The President has neither the time nor the inclination to explain himself to a man who rises and sleeps under the blanket of the very freedom he provides, then questions the manner in which he provides it!

I'd rather you just said thank you and went on your way. Otherwise, I suggest you pick up a weapon and stand a post. Either way, I don't give a damn what you think Hamdan is entitled to!

How great would that have been? Clement would have gone down as a hero for the ages!
 

I agree that it would have been rather heroic if, as in your example, Paul Clement had, in a show of principle, refused to make any argument in defense of the procedures used by the ad hoc military tribunals and then tendered his resignation.
 

Washerdreyer 1, SarahWeddington 0
 

Only the most warped, authoritarian personalities among us could have walked out of A Few Good Men thinking that Col. Nathan Jessep's character was the supposed to be the "hero."

As I recall, he was arrested after confessing to violation of the Uniform Code of Military Justice, for ordering an illegal assault resulting in the death of a U.S. Marine.
 

A lot of your thorough comments help sort out the dynamic at this juncture. Neal Katyal at Georgetown's faculty blog now winding down the discussion there, highlights his own personal interest in the US Senate's Armed Services Committee hearing on reconfiguring the commissions there, and he references his own Slate article datelined yesterday there, essentially, he is deferring to the expertise of the all military witness list for the US Senate Armed Services Committee; see the USSASC website here for that list with links to their formal prepared remarks scheduled for tomorrow.

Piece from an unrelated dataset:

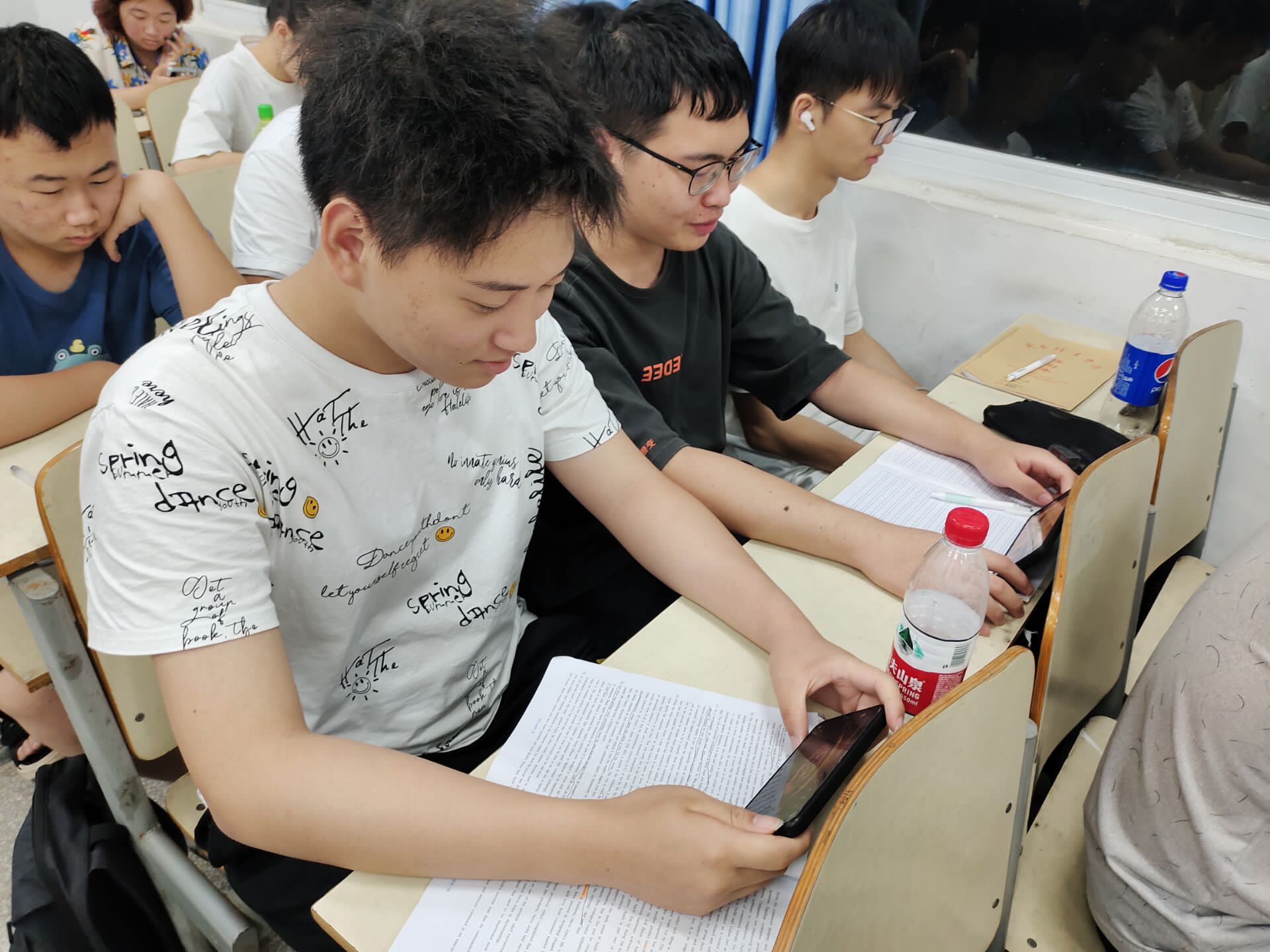 在第一轮当时答题时,主持人龙洋说出题目李大钊的文章《青春》最早发表于哪一年。生物工程2001班尽管与答题现场隔着屏幕,也依然积极参与到答题中。在主持人宣布正确答案之前,这让同学们都很紧张。在公布答案后,有的同学会因为回答正确很激动很开心,有的同学则会因为回答错误而感到丧气。

Your own complete article on that faculty blogsite was helpful, as well, there.

Dana Milbank's article today in WA Post fairly corroborates your perspective as well as the suggestion of Katyal, that yesterday's Senate Judiciary Committee hearing on the commissions consultations between congress and administration, was only the first and perhaps the least energized of these meetings engendered by Scotus' Hamdan decision; though the Milbank article is useful for its judgments and quotes from the hearing, it is far from being as useful as a true transcript. I will check the committee site for the transcript, should they decide to publish one to their web.

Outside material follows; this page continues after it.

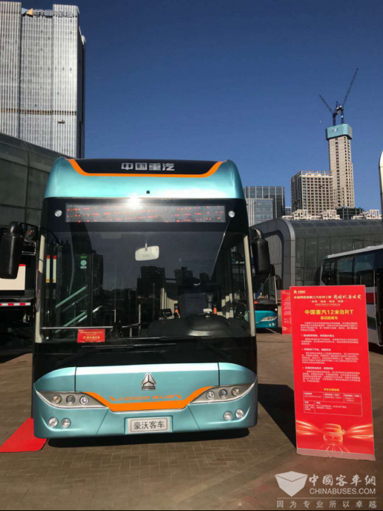 商务大会期间举办新产品新技术展览,各单位分别展出了代表产品。豪沃客车销售部把握市场方向,推动绿色出行,本着科学、诚信、和谐、共赢的理念,从安全的角度出发,充分考虑客户需求,本次展出除了12米BRT四开门氢燃料电池客车之外,还有11米高一级纯电动座位客车、12米BRT四开门气电混合动力公交客车,打造了中国客车全新驾乘体验。

On the Haynes nomination, your assurances are very welcome, as the two courts near DC are obviously likely bulwarks for the administration wherever it might be inclined to temporize. The Senate Judiciary Committee so far has posted only Senator Leahy's statement, though the newly visitable Senator Kennedy journal site provides a statement of his own; one interesting link at the Sen. Kennedy site is to a letter cowritten with Senator Feinstein to Sen. Specter and Sen. Leahy petitioning the committee leadership to hold expanded hearings, as the presenters yesterday excluded a roster of 20 mostly military personnel concerned about the Haynes nomination.
 

John,

FYI, the video of yesterday's Judiciary hearing on post-Hamdan is archived at c-span.org. Browse under the "Congress" category.
 

JaO, c-span.org's congress archive items seem offline at the moment. For some abstruse reason I find the linear perused word more informative than the companion video. I work in text almost exclusively. When c-span's archive becomes available online again, maybe I will have time to adjust the monitor settings so the audio is all that streams. I appreciate the helpful guidance.
 

John,

Getting timely transcripts from congressional hearings is problematical.

Nowdays, for high-visibility hearings such as SC nominations, national news organizations such as the WashPost or NYT often post transcripts on their web sites. Those are the exceptions.

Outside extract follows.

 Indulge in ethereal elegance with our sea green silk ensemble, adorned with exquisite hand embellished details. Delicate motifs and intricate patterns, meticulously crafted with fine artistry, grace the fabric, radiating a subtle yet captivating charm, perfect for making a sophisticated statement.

For many other hearings, if they were deemed to warrant coverage, there are commercial reporting services, including for example a service of Congressional Quarterly, that can provide transcripts. But that costs money.

The committee staff has its own draft transcripts, which they hold close and dear but occasionally let a visitor view.

Eventually, months from now, the Government Printing Office will publish the hearings in hard copy and electronic form.